• _SOURCE DATA_:

-- Opening Marker --

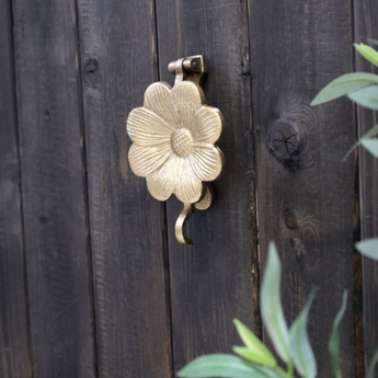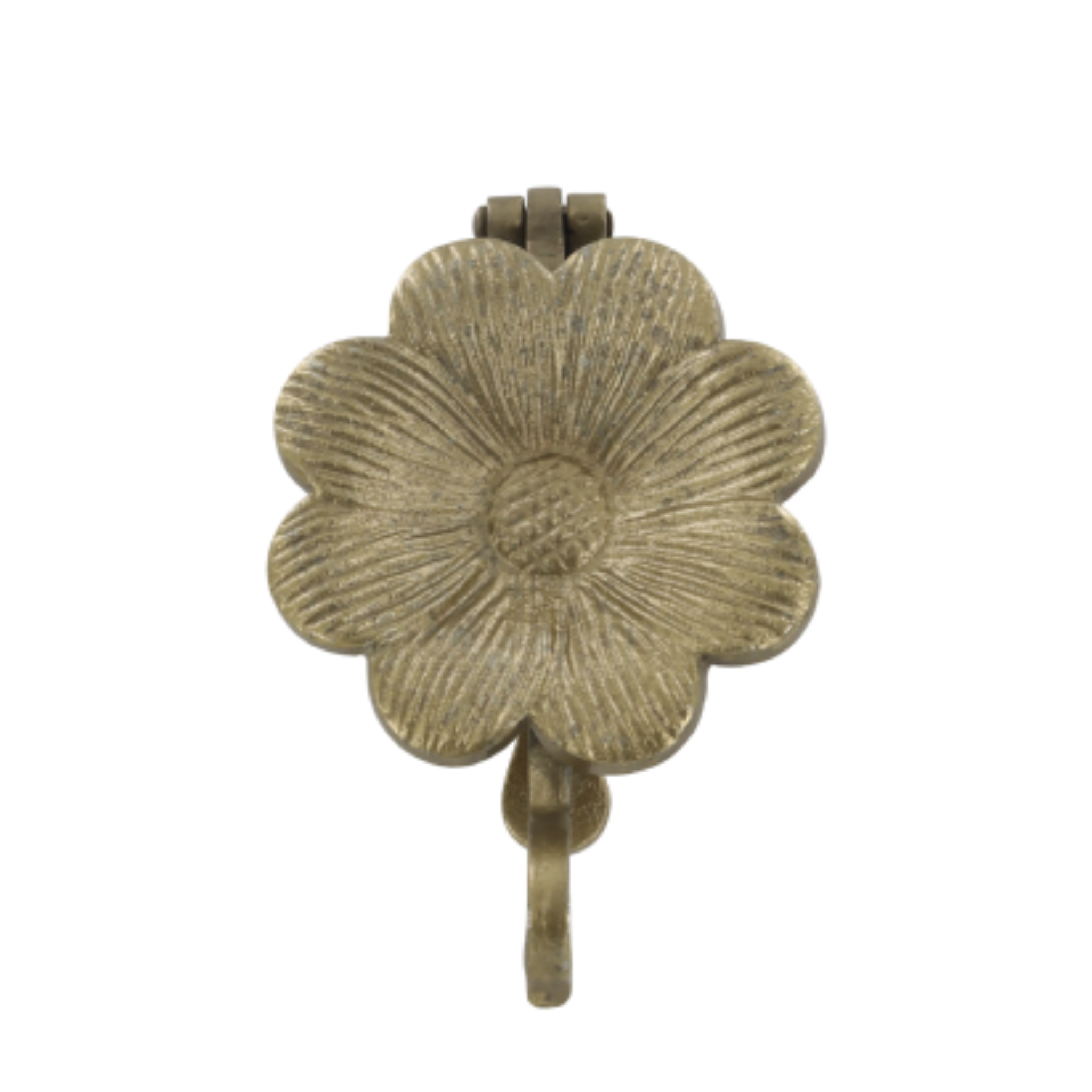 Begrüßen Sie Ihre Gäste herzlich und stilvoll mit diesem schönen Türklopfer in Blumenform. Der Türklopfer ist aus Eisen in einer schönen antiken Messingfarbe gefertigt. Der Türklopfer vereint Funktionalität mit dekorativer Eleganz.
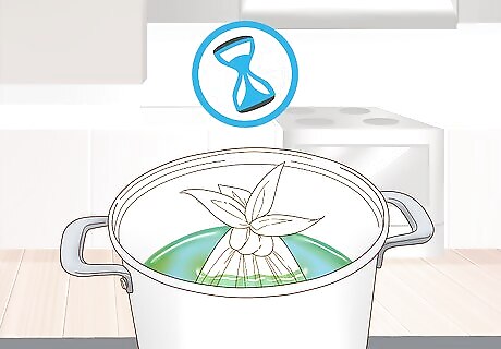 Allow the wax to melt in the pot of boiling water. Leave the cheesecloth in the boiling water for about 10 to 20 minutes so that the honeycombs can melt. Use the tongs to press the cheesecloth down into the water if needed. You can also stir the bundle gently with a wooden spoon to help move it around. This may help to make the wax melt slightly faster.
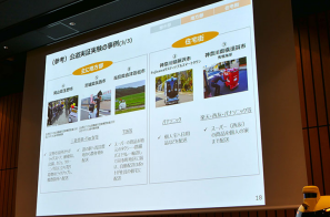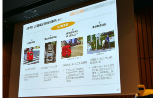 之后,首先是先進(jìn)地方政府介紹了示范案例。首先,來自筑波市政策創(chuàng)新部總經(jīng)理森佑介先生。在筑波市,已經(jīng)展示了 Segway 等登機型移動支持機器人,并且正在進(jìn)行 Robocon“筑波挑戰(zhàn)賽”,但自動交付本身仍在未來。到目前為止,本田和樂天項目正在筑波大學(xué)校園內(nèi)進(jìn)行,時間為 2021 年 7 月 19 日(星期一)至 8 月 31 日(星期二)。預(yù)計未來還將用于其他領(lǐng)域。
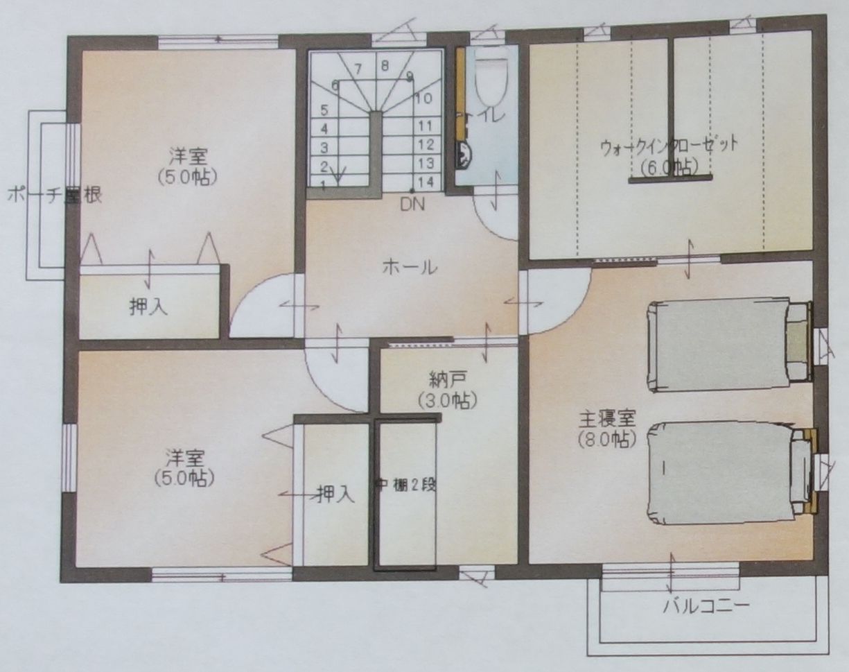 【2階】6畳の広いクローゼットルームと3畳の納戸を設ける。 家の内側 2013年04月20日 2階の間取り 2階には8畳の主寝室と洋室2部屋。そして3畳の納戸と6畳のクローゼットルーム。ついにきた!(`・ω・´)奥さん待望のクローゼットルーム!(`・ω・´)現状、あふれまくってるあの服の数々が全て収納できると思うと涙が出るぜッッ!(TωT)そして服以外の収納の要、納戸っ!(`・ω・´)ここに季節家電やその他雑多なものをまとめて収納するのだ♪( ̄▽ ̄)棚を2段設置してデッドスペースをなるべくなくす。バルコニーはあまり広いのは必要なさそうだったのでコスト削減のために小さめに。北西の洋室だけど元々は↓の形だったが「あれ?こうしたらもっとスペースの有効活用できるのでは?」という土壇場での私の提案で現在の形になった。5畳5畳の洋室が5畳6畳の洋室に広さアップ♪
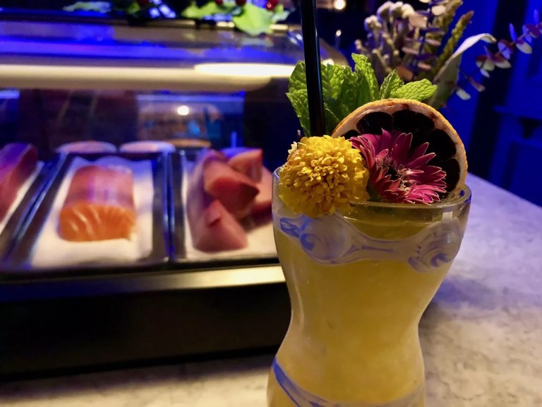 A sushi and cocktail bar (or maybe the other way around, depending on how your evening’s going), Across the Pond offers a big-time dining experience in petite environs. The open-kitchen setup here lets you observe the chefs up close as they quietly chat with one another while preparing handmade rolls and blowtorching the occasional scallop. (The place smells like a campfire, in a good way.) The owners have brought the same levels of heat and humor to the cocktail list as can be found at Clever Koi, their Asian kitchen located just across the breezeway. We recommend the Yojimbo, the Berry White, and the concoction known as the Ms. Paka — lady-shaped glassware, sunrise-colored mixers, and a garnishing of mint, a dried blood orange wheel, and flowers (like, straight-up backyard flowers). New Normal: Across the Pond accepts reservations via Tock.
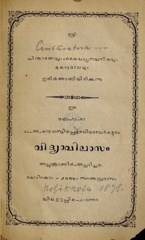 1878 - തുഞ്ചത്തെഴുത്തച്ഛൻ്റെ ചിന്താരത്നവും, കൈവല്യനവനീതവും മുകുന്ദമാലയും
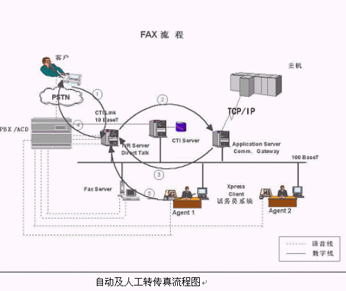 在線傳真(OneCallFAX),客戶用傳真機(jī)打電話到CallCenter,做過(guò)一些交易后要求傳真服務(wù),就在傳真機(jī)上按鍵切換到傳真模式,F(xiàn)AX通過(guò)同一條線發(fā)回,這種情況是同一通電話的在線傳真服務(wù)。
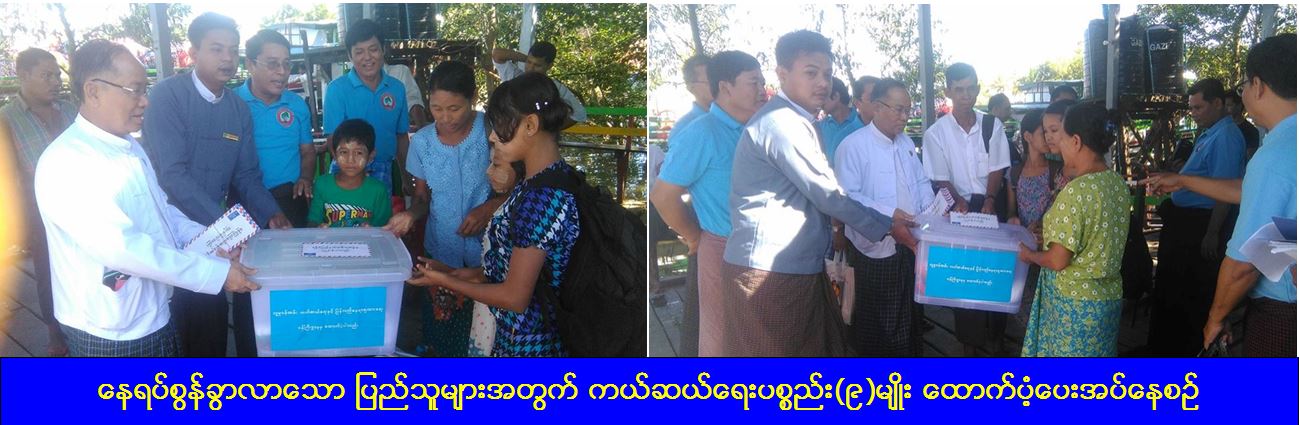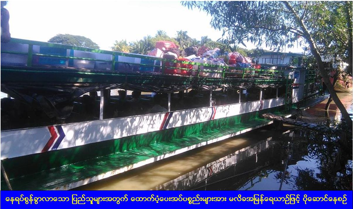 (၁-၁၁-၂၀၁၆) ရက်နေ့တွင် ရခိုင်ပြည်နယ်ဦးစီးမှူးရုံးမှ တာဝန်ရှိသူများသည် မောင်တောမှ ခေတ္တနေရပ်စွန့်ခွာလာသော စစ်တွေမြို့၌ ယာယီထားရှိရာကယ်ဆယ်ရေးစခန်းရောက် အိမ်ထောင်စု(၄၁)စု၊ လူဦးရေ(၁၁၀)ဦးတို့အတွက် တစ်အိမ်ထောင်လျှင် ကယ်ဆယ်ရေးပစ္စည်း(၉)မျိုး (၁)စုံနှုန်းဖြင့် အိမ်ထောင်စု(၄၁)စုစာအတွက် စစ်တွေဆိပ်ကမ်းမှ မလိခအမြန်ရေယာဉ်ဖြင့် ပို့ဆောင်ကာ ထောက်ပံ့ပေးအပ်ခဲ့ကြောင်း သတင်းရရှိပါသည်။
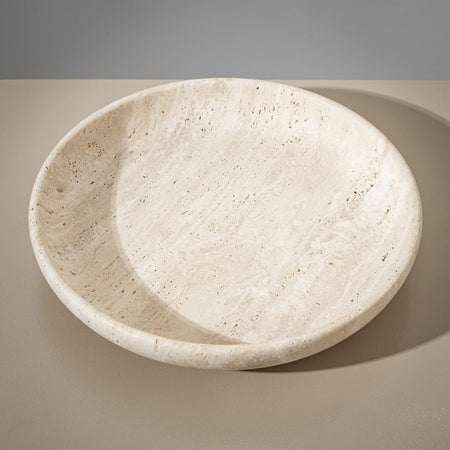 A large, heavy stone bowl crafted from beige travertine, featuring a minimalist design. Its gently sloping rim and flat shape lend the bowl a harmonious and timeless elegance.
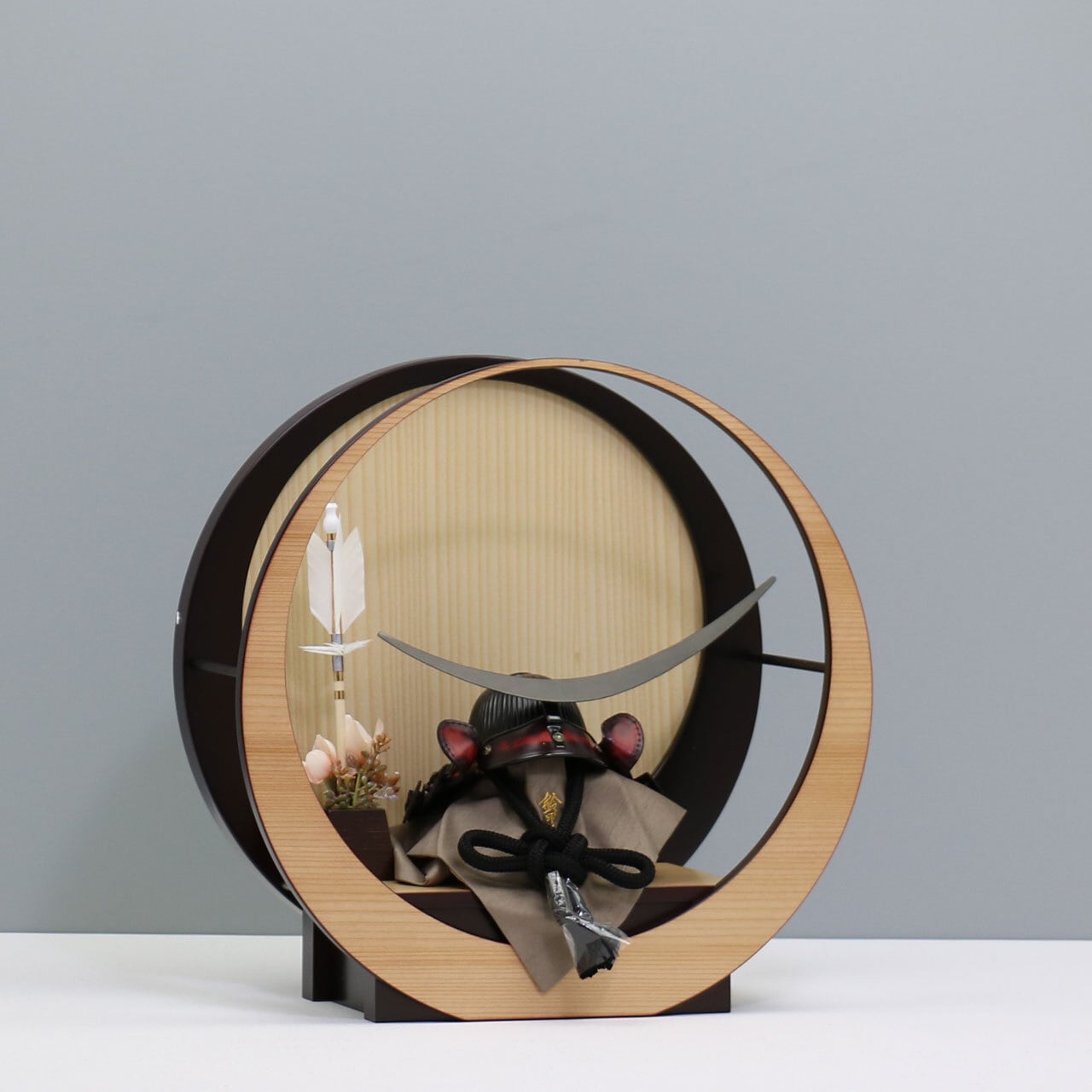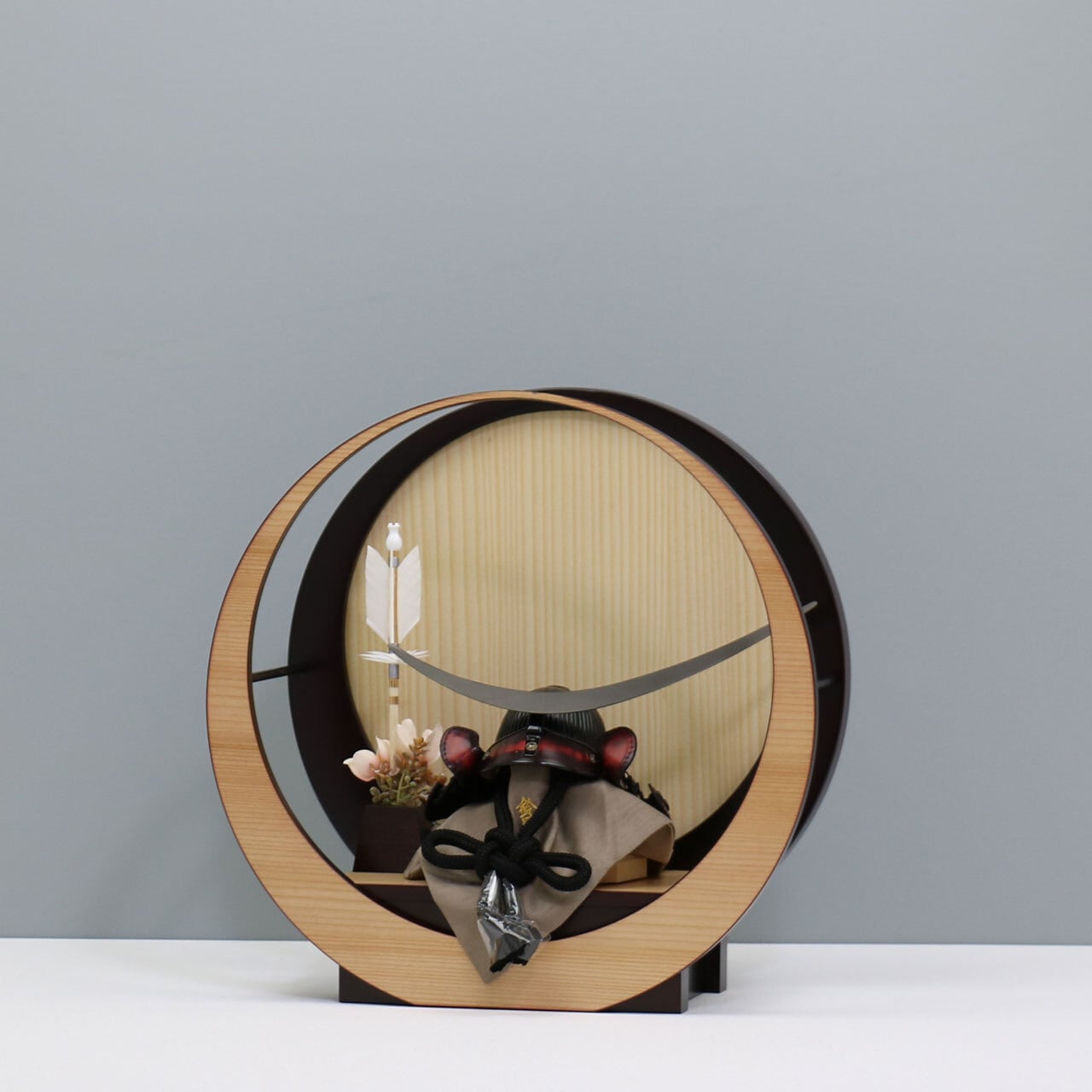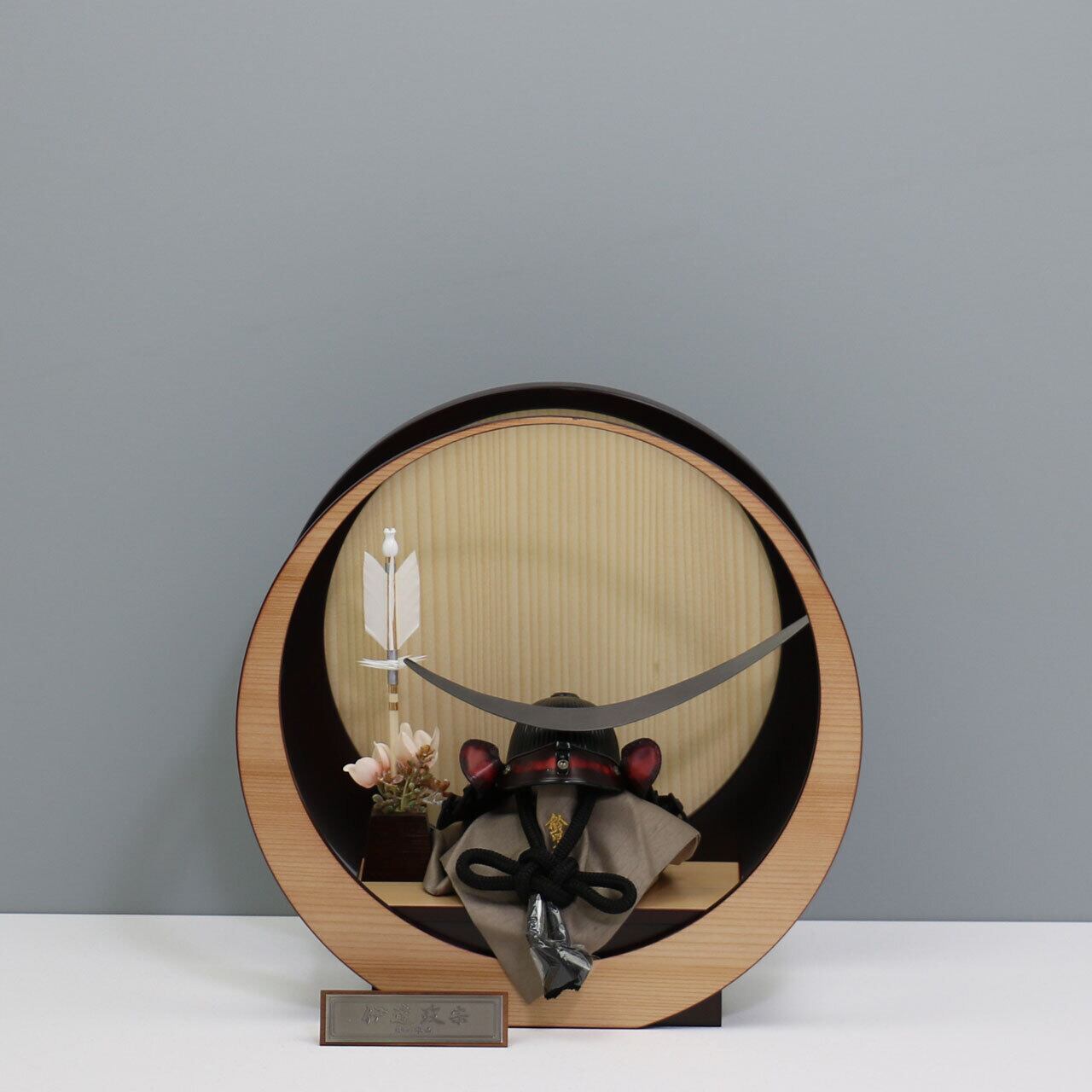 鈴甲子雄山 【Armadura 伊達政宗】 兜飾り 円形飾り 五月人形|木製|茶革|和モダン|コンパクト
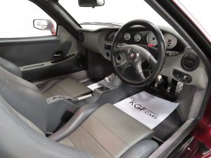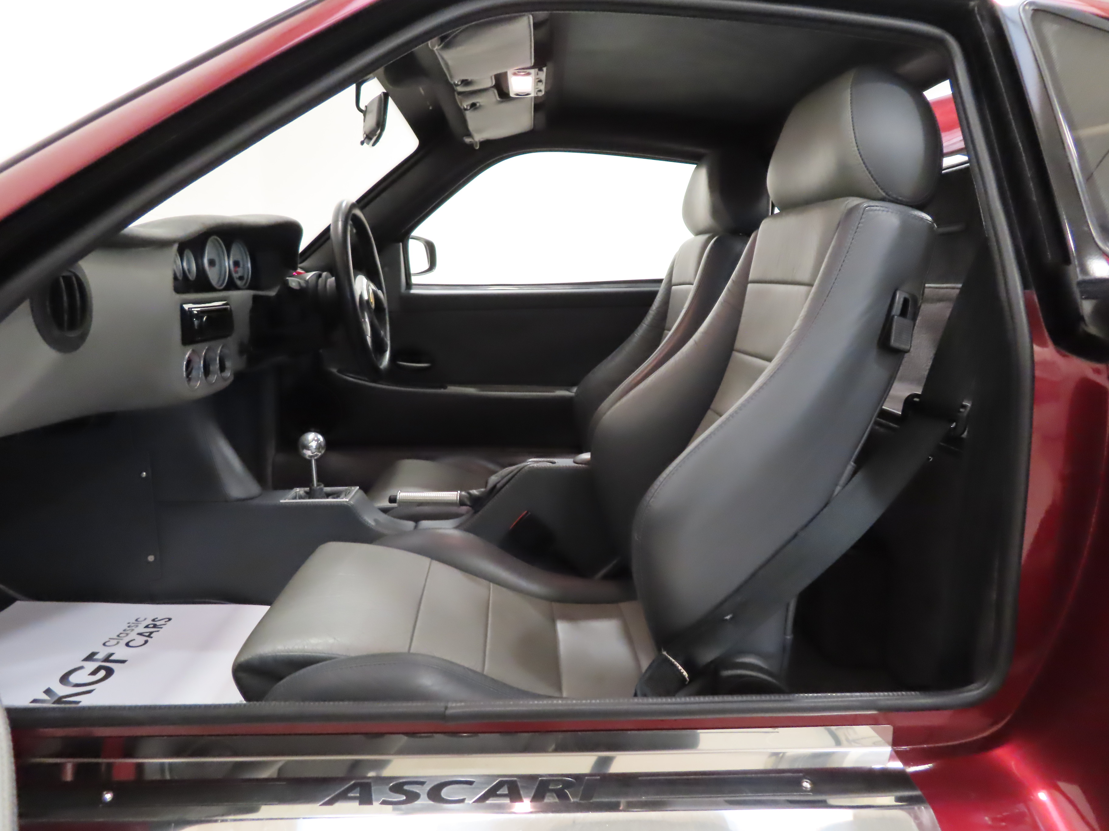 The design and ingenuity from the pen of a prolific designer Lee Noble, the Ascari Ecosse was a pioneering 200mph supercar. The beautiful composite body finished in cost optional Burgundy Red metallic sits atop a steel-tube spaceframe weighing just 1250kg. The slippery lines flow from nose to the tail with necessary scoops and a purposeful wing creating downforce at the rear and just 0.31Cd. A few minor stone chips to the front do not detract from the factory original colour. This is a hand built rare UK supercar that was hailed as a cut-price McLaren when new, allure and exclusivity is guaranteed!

-- Closing Marker --

• _PROBLEM_:
Quote verbatim the final run of lines in the material above, from the line that contains "鈴甲子雄山 【Armadura 伊達政宗】" through the very last line, excluding any pictures.

• _TASK OUTPUT_:
 鈴甲子雄山 【Armadura 伊達政宗】 兜飾り 円形飾り 五月人形|木製|茶革|和モダン|コンパクト
 The design and ingenuity from the pen of a prolific designer Lee Noble, the Ascari Ecosse was a pioneering 200mph supercar. The beautiful composite body finished in cost optional Burgundy Red metallic sits atop a steel-tube spaceframe weighing just 1250kg. The slippery lines flow from nose to the tail with necessary scoops and a purposeful wing creating downforce at the rear and just 0.31Cd. A few minor stone chips to the front do not detract from the factory original colour. This is a hand built rare UK supercar that was hailed as a cut-price McLaren when new, allure and exclusivity is guaranteed!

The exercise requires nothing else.